Reducing Food Insecurity

26. January 2010 16:46
A major factor contributing to poverty and hunger is food insecurity, or the lack of sustainable physical or economic access to sufficient safe and nutritious food for healthy and productive living. The Food and Agricultural Organisation (FAO) of the United Nations has projected that, in 2009, over 1 billion people will go to bed hungry, and estimates that the world will need until 2050 to boost agricultural investment by US$83bn a year to feed a growing population. Speaking on the issue of food security at the Private Sector Forum in Milan, Nestlé Chairman Peter Brabeck-Letmathe stressed the need for and the willingness of the private sector to be actively involved in addressing this issue. He emphasised that reducing food insecurity is not just about taking measures to produce more food, it is also about taking measures that actually change expectations and lead to sound long-term food security and called for bold solutions to tackle this issue. In his presentation, Mr.
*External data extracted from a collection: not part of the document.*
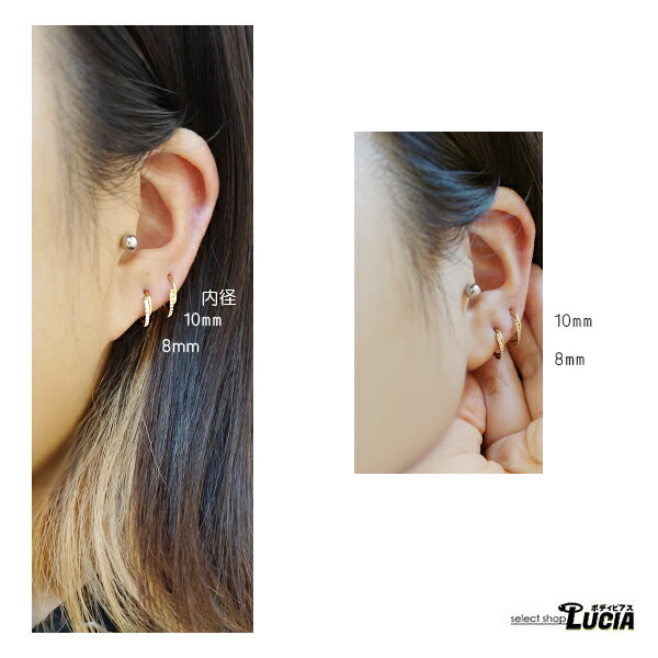内径10mmはゆとりがありフープピアスのような印象に。
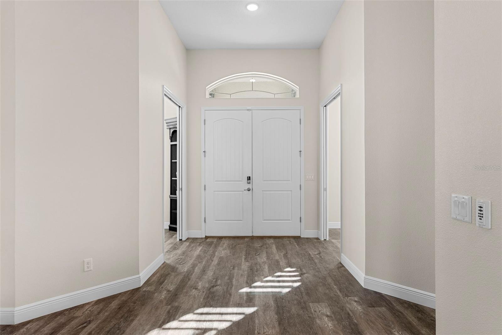 Located in the gated Royal Palms community, this custom-designed 4-bedroom, 3-bathroom home is ideally situated on 2 private acres, offering luxury living with plenty of space to breathe. The open-concept floor plan features designer lighting, upgraded ceiling fans, and a decorative electric fireplace that adds warmth and charm to the main living space. At the heart of the home is a chef’s dream kitchen, thoughtfully designed for both style and function. It features dual oversized islands, a custom-built commercial-grade side-by-side refrigerator and freezer, a built-in microwave, and a pot filler over the cooktop. The 42" shaker-style cabinets provide generous storage, and a walk-in pantry keeps everything organized and close at hand. Whether preparing daily meals or hosting large gatherings, this kitchen handles it all with ease. A dedicated home theater provides the ultimate movie-night experience, while the private office is perfect for remote work. An additional flex room offers versatility as a yoga studio, workout space, or quiet den for reading and relaxation. The main living area has pocket sliding glass doors that fully open to the covered lanai, creating an authentic Florida lifestyle experience with seamless indoor-outdoor flow—perfect for entertaining or simply enjoying the tranquil setting. Outdoors, enjoy your own resort-style retreat with a saltwater pool, an integrated spa, a sun shelf, and a dramatic rock waterfall feature. The expansive paver patio and lanai include retractable privacy screens, enhancing comfort and usability year-round. Sports enthusiasts will love the full-size basketball court and sprawling backyard framed by mature trees. With a three-car garage, premium finishes throughout, and a peaceful setting within one of Brooksville’s most desirable communities, this home delivers both comfort and sophistication. And with its prime location, you're just minutes from shopping, restaurants, breweries, coffee shops, and historic downtown Brooksville—home to quaint boutiques and world-class local dining.
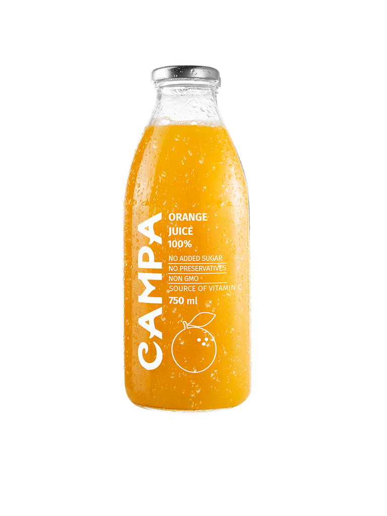 Campa juice is made from 100% orange juice from concentrate, preserving the natural flavor and freshness of the fruit. No added sugar, preservatives, or GMOs.
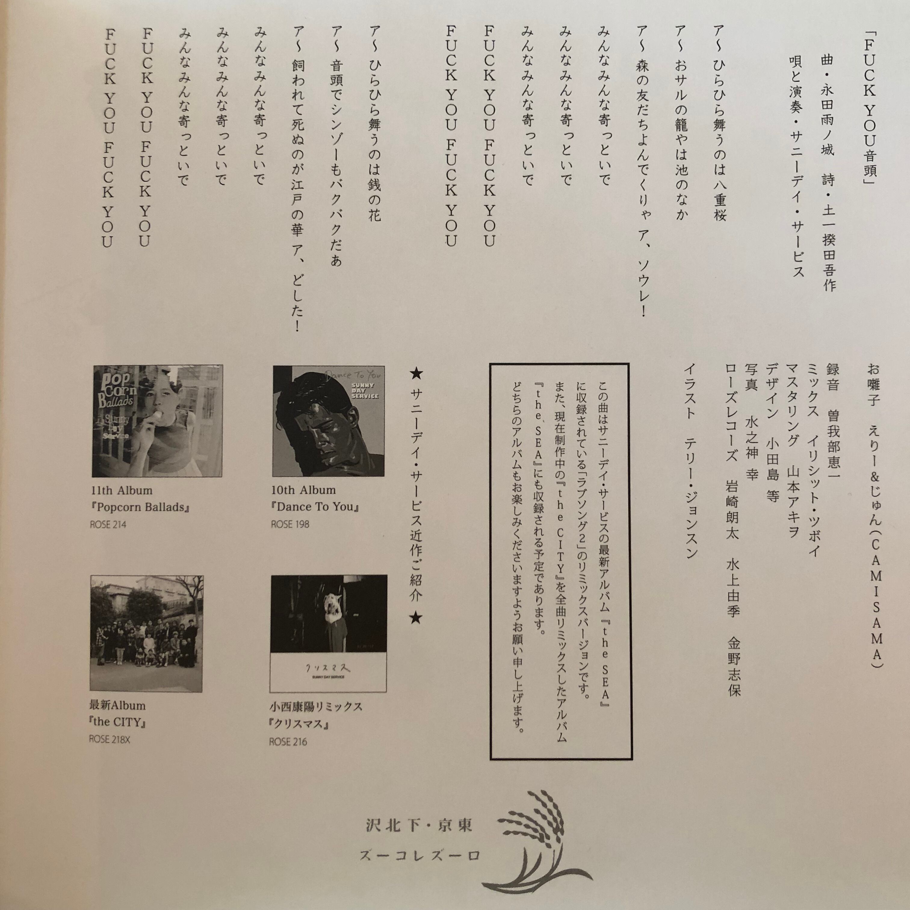 【EP】サニーデイ・サービス / FUCK YOU 音頭
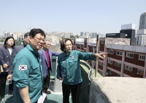 중산시범아파트는 1996년부터 안전등급 D등급의 노후건축물로 관리되고 있다. 박 구청장은 현장에서 ▲지반침하 ▲균형 ▲변형 발생 여부 등 구조적 안정성을 중심으로 점검을 실시했다.
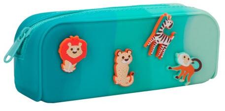 Irodaszer tok a kicsiknek. tetején gumiállatokkal strapabíró anyagból és 1 cipzárral méret megfelelő gyermek hátizsákokhoz vagy iskolákba. aktatáskák
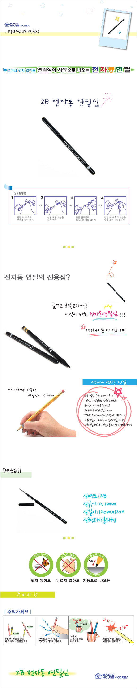 2B 전자동 연필로 깔끔하게 필기하세요.
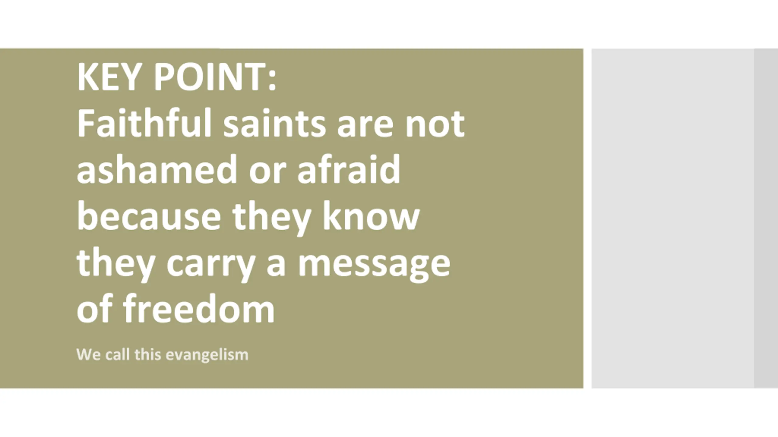 KEY POINT: Faithful saints are not ashamed or afraid because they know they carry a message of freedom We call this evangelism
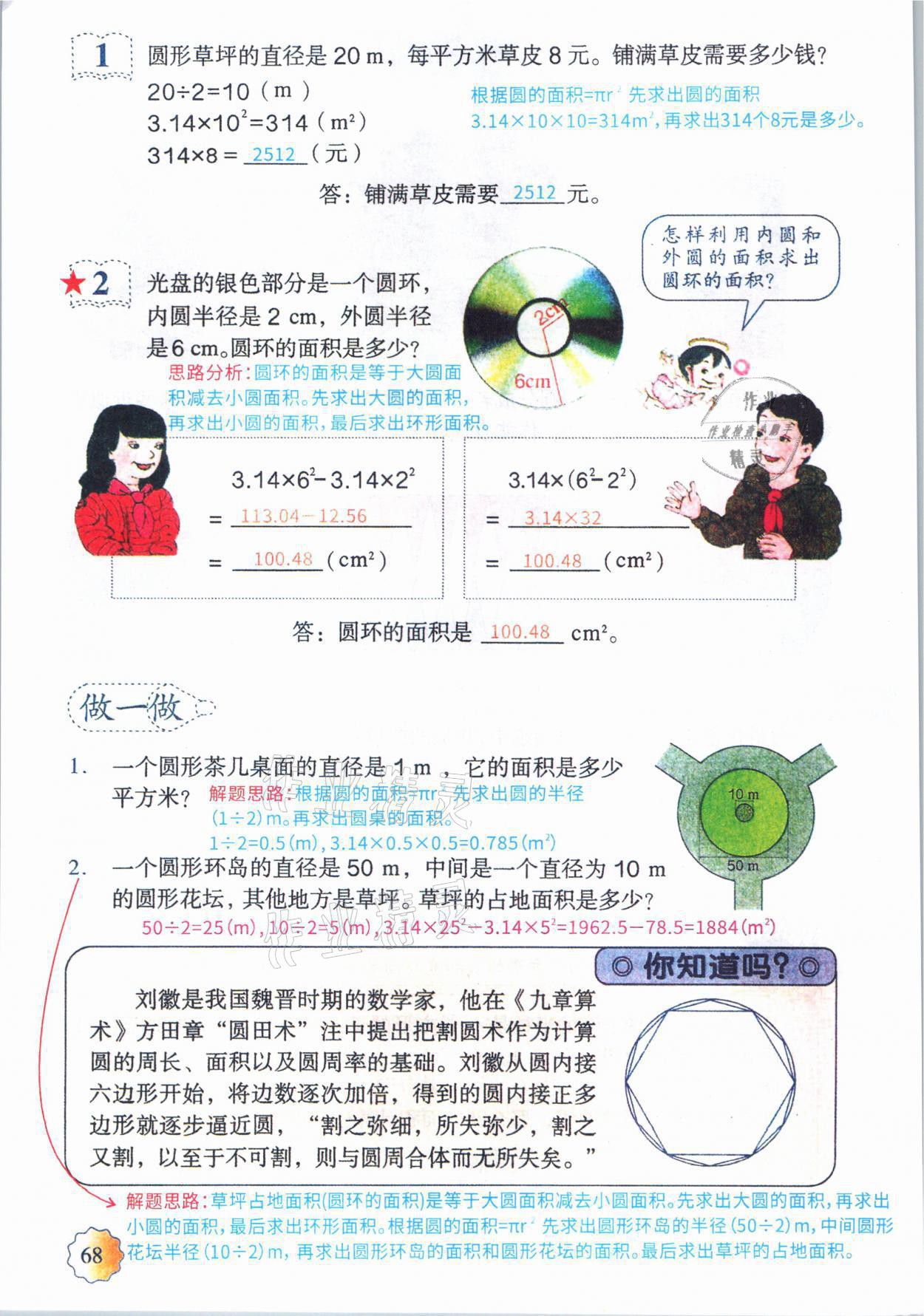 2021年教材课本六年级数学上册人教版参考答案第67页

Brabeck-Letmathe explains that there are five major challenges to overcome long-term global food insecurity: necessary quantities (basic calories and proteins) in a sustainable manner, generating reliable incomes for farmers, affordability of the food for low-income consumers, quality of food (including nutritional value and safety), and access (food at the right time, in the right form, at the right place). It is unfortunate and ironic that most of the people that are under-nourished or malnourished are primarily farmers, and come from rural areas. Click here to view video. I welcome your views on how private sector companies can confront and combat the issue of global food insecurity.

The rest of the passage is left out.